I’ve never been very good at being out of control. I’ve always pushed against anyone making decisions for me – I studied physics at GCSE because my teacher told me that “girls don’t do physics” (plus I still clung to the frankly ridiculous dream of being an astronaut), I was, by all accounts, a terrible baby until I learnt to walk a shave before turning one and then, buoyed by the ability to make decisions for myself and do things for myself, I turned into a well-behaved, happy child. Through childhood and into adulthood, I have always been a strong advocate of my own independence.

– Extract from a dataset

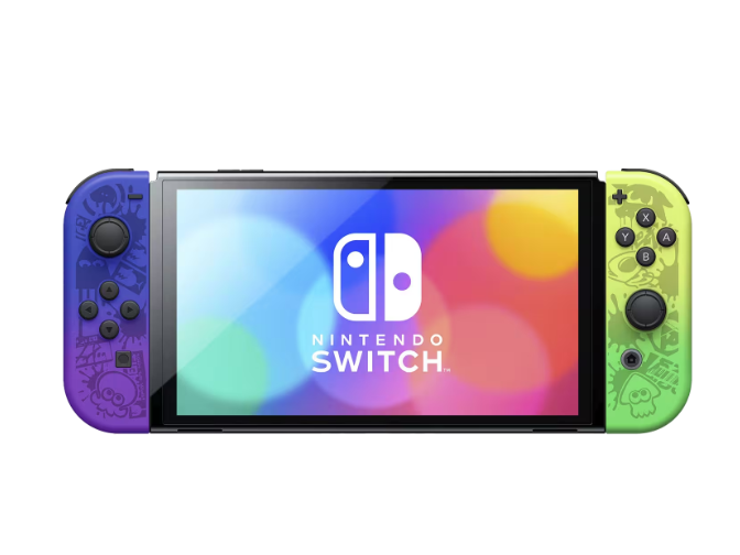 Pinta las Splatlands con estilo con Nintendo Switch Splatoon 3 Edition, que cuenta con un sistema modelo OLED de 7 pulgadas, 64 GB de almacenamiento, amplio soporte ajustable, audio mejorado, controladores Joy-Con degradados en azul y amarillo con una parte inferior blanca, una base blanca adornada con grafito y un fantástico diseño de Splatoon en la parte trasera de la consola portátil.

It’s one of the things that makes being mentally ill so difficult, the complete loss of control. Not just of outside factors but of my own mind. I wake up in the morning and have no idea whether today I’m going to be able to get up, whether I’m going to potter about but ultimately do nothing of use, whether I’m going to leave the house, cook a meal, read a book, go back to bed, do some study, do some work, figure out a future. On occasional days, I wake up and feel light. I tiptoe around myself but take the opportunity to be normal. Other days, I wake up and everything is black and nothing will happen. The only thing I can do is hope that I can drift in and out of sleep.
On the rest of the days, I am at the mercy of the whims of my out-of-control mind. I can start crying for no reason and with little regard to societal norms. I can suddenly and irrationally want to end it all and then half an hour later be fist-clenched and ready to battle the world. I can set out with a backpack on and a bottle of water, ready for a long walk and turn around at the bottom of the road and be back in bed before I even know what I’m doing; likewise, I can book and plan an amazing holiday and then (if I get as far as going, which is by no means guaranteed), I spend the whole time in a hotel room trying to convince myself not to leap out of a window.
On the surface, I maintain the independence I have always fought for. But underneath, control has gone and I wonder what comes next.